The 1-planar graphs include the 4-map graphs, graphs formed from the adjacencies of regions in the plane with at most four regions meeting in any point. Conversely, every optimal 1-planar graph is a 4-map graph. However, 1-planar graphs that are not optimal 1-planar may not be map graphs.

1-planar graphs have been generalized to k-planar graphs, graphs for which each edge is crossed at most k times (0-planar graphs are exactly the planar graphs). Ringel defined the local crossing number of G to be the least non-negative integer k such that G has a k-planar drawing. Because the local crossing number is the maximum degree of the intersection graph of the edges of an optimal drawing, and the thickness (minimum number of planar graphs into which the edges can be partitioned) can be seen as the chromatic number of an intersection graph of an appropriate drawing, it follows from Brooks' theorem that the thickness is at most one plus the local crossing number. The k-planar graphs with n vertices have at most O(k^{1/2}n) edges, and treewidth O((kn)^{1/2}). A shallow minor of a k-planar graph, with depth d, is itself a (2d + 1)k-planar graph, so the shallow minors of 1-planar graphs and of k-planar graphs are also sparse graphs, implying that the 1-planar and k-planar graphs have bounded expansion.

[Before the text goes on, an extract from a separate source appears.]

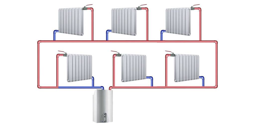 Для обслуживания каждого прибора в двухтрубном отопительном контуре устраиваются подающая и обратная магистраль, благодаря чему температура система поставляет теплоноситель равной температуры во все точки, а остывшую воду собирает и направляет к котлу обратка – независимая от подачи магистраль

Nonplanar graphs may also be parameterized by their crossing number, the minimum number of pairs of edges that cross in any drawing of the graph. A graph with crossing number k is necessarily k-planar, but not necessarily vice versa. For instance, the Heawood graph has crossing number 3, but it is not necessary for its three crossings to all occur on the same edge of the graph, so it is 1-planar, and can in fact be drawn in a way that simultaneously optimizes the total number of crossings and the crossings per edge.

Another related concept for nonplanar graphs is graph skewness, the minimal number of edges that must be removed to make a graph planar.